- Sources said Rs 9 crore has been found, and some 50 places were raided
- Sources said raids were not based on Election Commission's directions
- Homes of 2 officers were raided in Delhi's Green Park and Madhya Pradesh
The homes of Madhya Pradesh Chief Minister Kamal Nath's former private secretary Praveen Kakkar in Indore and former advisor Rajendra Kumar Miglani in Delhi were raided by income tax officers this morning in connection with an alleged hawala (illegal transaction) case, sources said.
Sources said Rs 9 crore has been found, and some 50 places including the homes of the two officers were raided in south Delhi's Green Park, Indore and Bhopal. The premises of some executives linked to Mr Miglani's brother-in-law's firm Moser Baer and his nephew Ratul Puri in Noida were raided.
Income tax officers have also reached the home of Kolkata-based businessman Paras Mal Lodha.
Mr Kakkar and Mr Miglani had already quit from their posts after the election code came into force last month.
A team of over 15 income tax officers from Delhi reached the home of Mr Kakkar in Indore's posh Vijay Nagar at 3 am and started searching the premises, sources said. They also raided a showroom at the same area and some other properties. A total of 200 tax officers are involved in the multi-location raids.
The tax officers said the two men allegedly made huge cash transactions via hawala route during election season.
Sources said the raids were not based on the Election Commission's directions. "They were not informed about these raids. There is no EC role in this," said a source who asked not to be named.
Chief Minister Kamal Nath is campaigning for the Congress in Madhya Pradesh's Chhindwara, from where he has been elected to parliament nine times. He is scheduled to visit Hoshangabad next.

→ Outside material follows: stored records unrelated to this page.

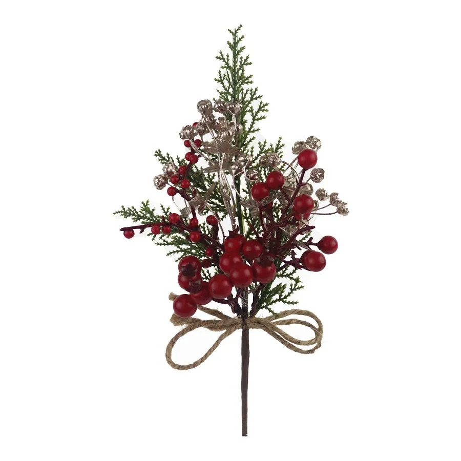 Dekorativer Zweig mit roten Beeren für weihnachtliche Stimmung. Maße: 15 x 7 cm, Gesamtlänge 32 cm. Farbe: Kombination von rot, grün, gold. Material: Kunststoff.
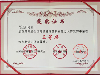 4月23—24日,第四届全国高校辅导员职业能力大赛(华北赛区)在燕山大学举行,我校外国语学院辅导员黎超获得第四届全国高校辅导员职业能力大赛复赛(华北赛区)三等奖。
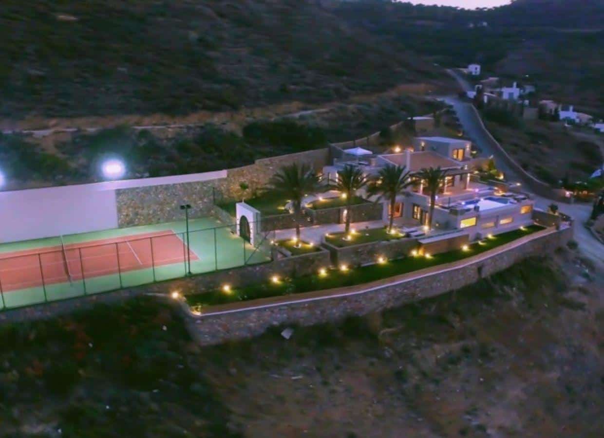 The expansive villa, encompassing a generous 550m², is meticulously crafted on a 2,780m² plot, adhering to the highest construction standards. With an emphasis on quality, the residence boasts five bedrooms, seven bathrooms, an office space, a gym, and a sauna. The property’s allure is further heightened by a private tennis court featuring a 5-meter high hit-back wall, a 43m² pool, and expansive, well-designed terraces.
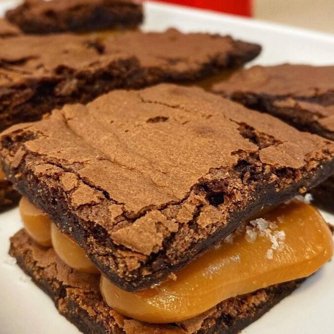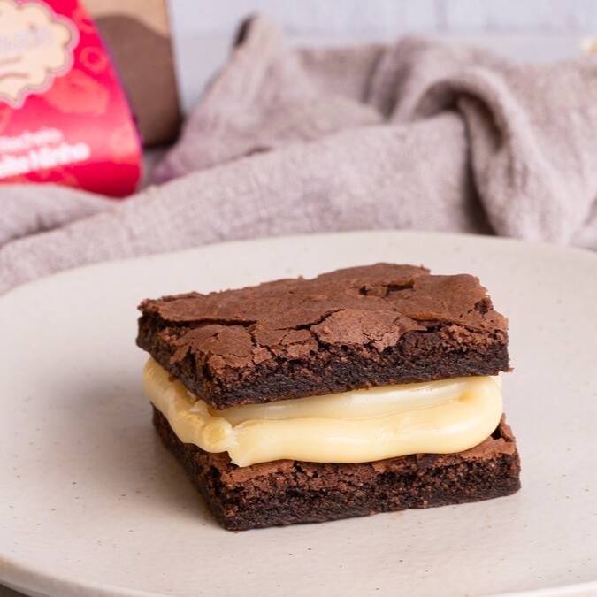 Brownie 6x6cm recheado com brigadeiro de caramelo e flor de sal (90g)
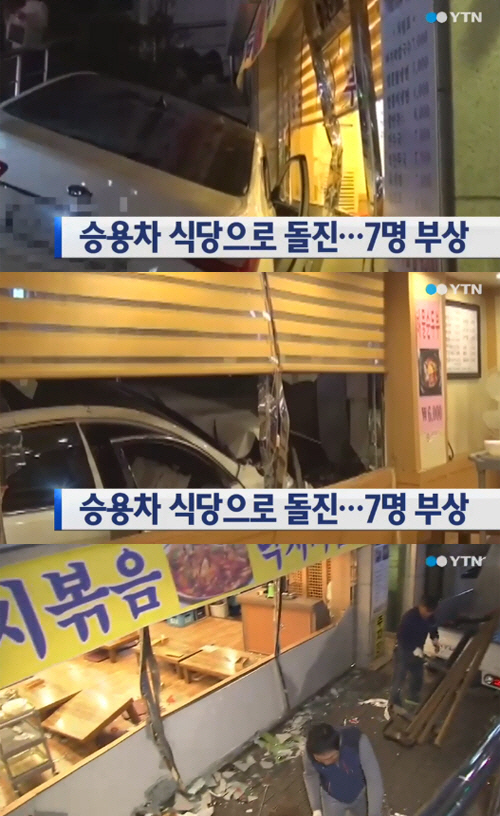 5일 경찰과 소방당국에 따르면, 이날 오후 9시57분께 강서구 화곡로 강서문화원 인근 도로에서 최모(28)씨가 모는 승용차가 도로 옆 식당을 덮쳐 이모(56)씨 등 식당 손님 7명이 얼굴 등을 다쳤다.
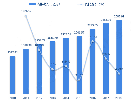 图12010-2018年中国连接器制造行业销售收入及增长(单位:亿元,%)
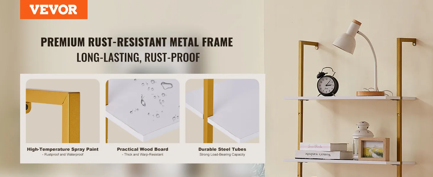 Strong Load Capacity: Constructed with sturdy metal pipes and thickened wood boards, each shelf can hold up to 50 lbs, catering to various storage needs. From books and frames to kitchenware and towels, keep your space organized and free from clutter!
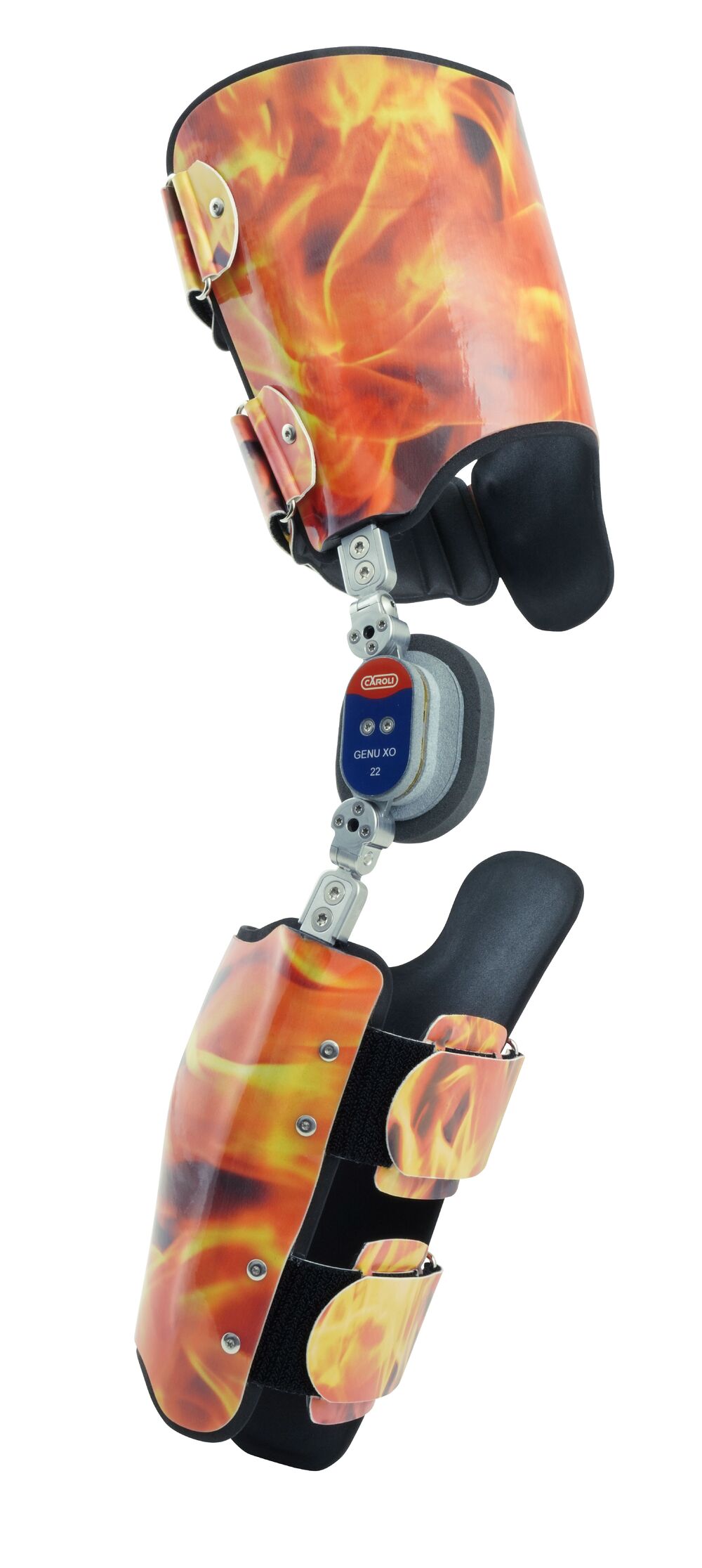 Speciaal voor de behandeling van varus/valgus-aandoeningen van het kniegewricht en voor de ontlasting en tractie van het mediale of laterale gewrichtscompartiment in het geval van gonartrose heeft Caroli de GENU XO orthese kniegewricht ontwikkeld voor de productie van individueel vervaardigde orthesen. Naast het grote aantal reeds bestaande confectieorthesen, kunnen nu ook patiënten die door een zeer uitgesproken uitlijning of andere omstandigheden niet met confectieorthesen kunnen worden behandeld, optimaal worden verzorgd. Het GENU XO orthesesysteem is verkrijgbaar in twee verschillende maten en kan worden gebruikt voor de verzorging van kinderen, adolescenten en volwassenen. De CNC-gefreesde en geharde verbindingscomponenten en de speciale lager technologie garanderen optimale loopeigenschappen met maximale stabiliteit en krachtoverbrenging. Dankzij de twee laterale wormdelen kunnen zelfs vergevorderde gewrichtsscheefstanden in de Varus/Valgus-bewegingsrichtingen continu worden gecorrigeerd. In twee uitvoeringen leverbaar; model Genu XO 18: tot 30kg belastbaar en model Genu XO 22: tot 110 kg belastbaar.
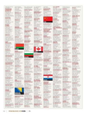 Bul. Zorana Đinđića 71 11070 Belgrade Phone: +381 11 4075 571 office@prista-oil.rs www.prista-oil.rs RUDNIK KOVIN A.D. U RESTRUKTUIRANJU Boba Radić, Dir. Cara Lazara 85, 26200 Kovin Phone: +381 13 741173, rudmik@panet. rs rudnikkovin.com SRPSKA FABRIKA STAKLA A.D. Borislav Vuković, Dir. Staklarska 1-3, 35250 Paraćin, Phone: +381 35 572-622 borislav.vukovic@ serbian-glass.com www.serbian-glass.com SUMMIT TRADING D.O.O. Ivan Gavrailov Kisyov, Dir. Ivana Milutinovića bb 18000 Niš Phone: +381 18 514 104 www.elite.bg TRADE EXPRESS D.O.O. Zorka Kirilova, Dir. Kružni put 40i, Rakovica 11090 Belgrade Phone: + 381 11 2370988 www.tradeexpress.co.rs PREDSTAVNIŠTVO ZASTAVA BUGARSKA OOD Miodrag Zagorac, Repres. Novogradska 24, 11080 Zemun Phone: +381 11 316 5247
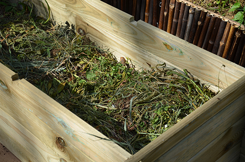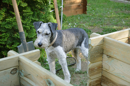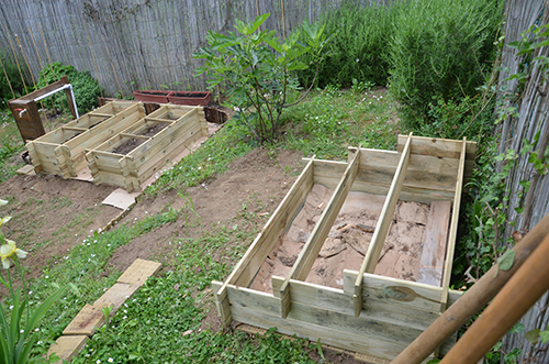 Az összes magaságyás aljára kartonokat fektettem le, erre jöttek a kisebb tuskók, faágak, majd gallyak, fűnyesedék, elszáradt levelek, komposztos föld és végül a termőföld.
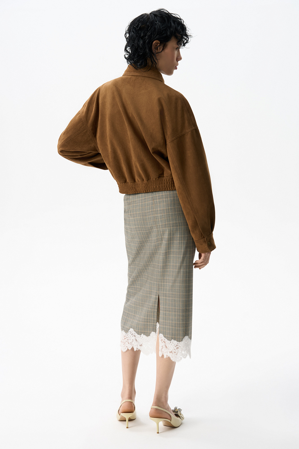 Midi length skirt in Glencheck check. Straight cut model with hidden zipper closure. The hem of the product is decorated with lace.
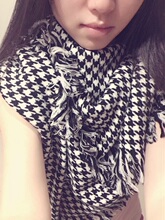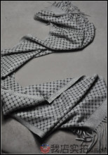 欧美明星演绎 重磅复古四面穗精梳羊绒羊毛 黑白千鸟格披肩/围巾
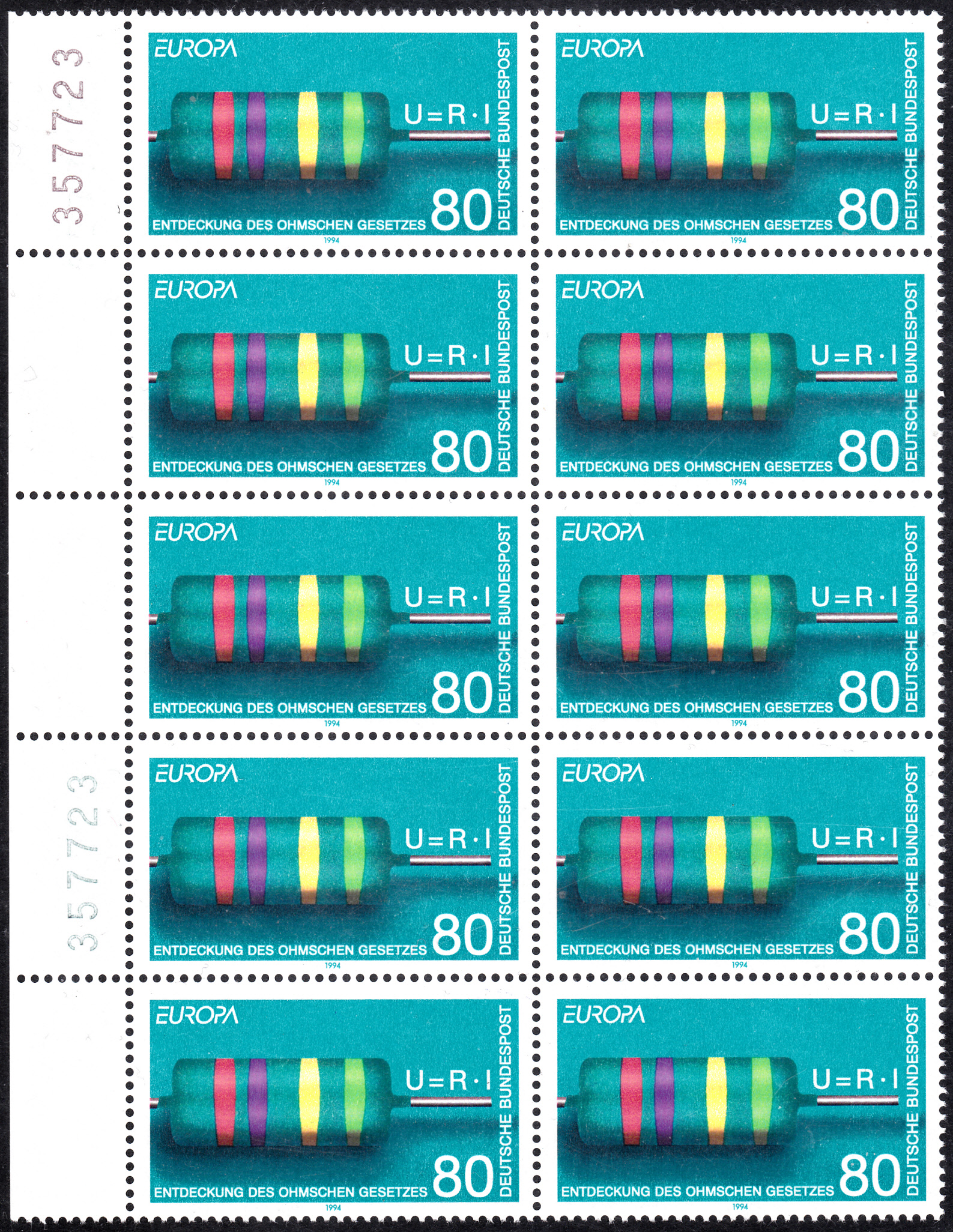 Zehnerblock vom linken Bogenrand mit Bogenzählnummer in zwei Farben auf dem Bogenrand.
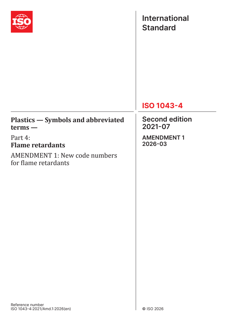 ISO 1043-4:2021/Amd 1:2026 is a standard published by the International Organization for Standardization (ISO). Its full title is "Plastics — Symbols and abbreviated terms — Part 4: Flame retardants — Amendment 1: New code numbers for flame retardants". This standard covers: Plastics — Symbols and abbreviated terms — Part 4: Flame retardants — Amendment 1: New code numbers for flame retardants

When asked by reporters about the tax raids today, Kamal Nath declined to comment.
The raids on Kamal Nath's aides come just a week after income tax officials raided the premises owned by people linked to the Congress-Janata Dal Secular coalition in Karnataka, a move that was criticised by Chief Minister HD Kumaraswamy and the Congress as misuse of the government's power to harass political opponents.
The opposition has alleged the Prime Minister Narendra Modi government was using the tax department to intimidate and discourage opposition leaders from putting up a fight in the national elections that will begin on April 11.
"The income tax raids cannot be called political. If they (opposition) have information, will they wait and check who is it related to, or which party? It should not be politicised. The Congress has a habit of making it political," BJP spokesperson Shahnawaz Hussain said today.